Before DRH responded that his reason for “wish[ing] I hadn’t” was that it was a bad investment I imagined that he might have had second thoughts due to environmental concerns about the fracking process. If that had been the case my question would have been, “How does the Libertarian philosophy address how the rest of us are to be protected when he chooses to provide capital to an activity that causes environmental pollution (possibly because it cannot earn a sufficient return or cannot raise sufficient capital to mitigate the pollution it causes)?”
Patrick R. Sullivan
Oct 3 2012 at 2:19pm
James Hamilton has a relate post today at Econbrowser.
I found this (quoting Christopher Knittel) to be funny;
That problem existed for the first (gasoline powered) autos too, but markets solved it.
ColoComment
Oct 3 2012 at 5:46pm
PRS: that chicken/egg problem also existed for the container shipping industry. Container boxes, ships built to hold them, rail cars reconfigured to move them, trucking trailers to carry them farther, bigger cranes to load/unload them, harbors deep enough to float the ships, ports redesigned to move them efficiently, longshoremen’s unions convinced that containers were the future, etc., etc., etc. It is a story of an industry that reinvented itself. All by itself.
A marvelous book abut the development of the container shipping industry is The Box, by Marc Levinson.
Mark Bahner
Oct 3 2012 at 8:57pm
Natural gas is actually many orders of magnitude cleaner than coal for the pollutant that’s most important to human health: particulate.
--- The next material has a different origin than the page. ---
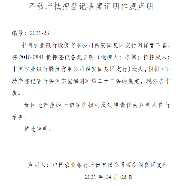 不動產抵押登記備案證明作廢 聲明編號:2021-23

Carbon dioxide and methane are by no reasonable use of the word, “dirty.” Particulate is dirty.
Brandon Berg
Oct 4 2012 at 1:58am
Why does natural gas produce less carbon dioxide than coal? Aren’t all heat engines more or less equivalent? At first I thought that it was just about heating. Obviously there’s a lot of waste involved in the coal => heat => electricity => heat conversion as opposed to just burning gas for heat directly. But Drum’s post claims that a coal-fired generator produces more carbon dioxide than a gas-fired generator, and I’m not sure what to make of that. Shouldn’t burning hydrocarbons to power a generator work pretty much the same regardless of the type of hydrocarbon?
Yancey Ward
Oct 4 2012 at 10:59am
Brandon,
The simplest illustration I could give you is that methane(CH4) produces 1 CO2 and 2 H2O molecules on complete combustion. Ethane (C2H6) produces 2 CO2 and 3 H2O molecules. Propane (C3H8) produces 3 CO2 and 4 H2O molecules, and so on. In the limit, coal simply has a far higher ratio of carbon to hydrogen, and can largely be thought of as pure carbon for illustration purposes.
Now, add to this the fact that the oxidation of a H-C-H fragment by O=O and the formation of one C=O bond and 2 H-O bonds is a slightly more enthalpy releasing process than the oxidation of one C-C-C fragment by 1.5(O=O) and the production of 3 C=O fragments, and you get the net result that methane produces more energy for a given amount of CO2 production than does coal.